GIVEN INFORMATION:
^^^^
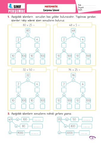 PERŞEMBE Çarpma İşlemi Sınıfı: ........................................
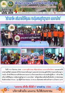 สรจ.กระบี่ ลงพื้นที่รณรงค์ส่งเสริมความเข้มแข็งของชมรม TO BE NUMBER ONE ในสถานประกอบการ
^^^^
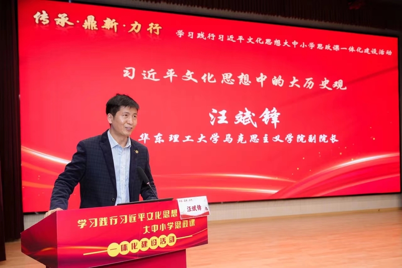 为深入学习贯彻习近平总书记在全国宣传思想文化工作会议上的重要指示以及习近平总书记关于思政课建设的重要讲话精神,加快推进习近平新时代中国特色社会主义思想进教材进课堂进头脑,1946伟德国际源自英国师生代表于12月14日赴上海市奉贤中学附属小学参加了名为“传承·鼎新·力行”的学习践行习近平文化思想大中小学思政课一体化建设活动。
^^^^
WHAT YOU WILL DO:
Look above for the line containing "PERŞEMBE Çarpma İşlemi" and the line containing "สรจ.กระบี่ ลงพื้นที่รณรงค์ส่งเสริมความเข้มแข็งของชมรม TO", then reproduce both and everything between them exactly, pictures omitted.

RESPONSE TO THIS EXERCISE:
 PERŞEMBE Çarpma İşlemi Sınıfı: ........................................
 สรจ.กระบี่ ลงพื้นที่รณรงค์ส่งเสริมความเข้มแข็งของชมรม TO BE NUMBER ONE ในสถานประกอบการ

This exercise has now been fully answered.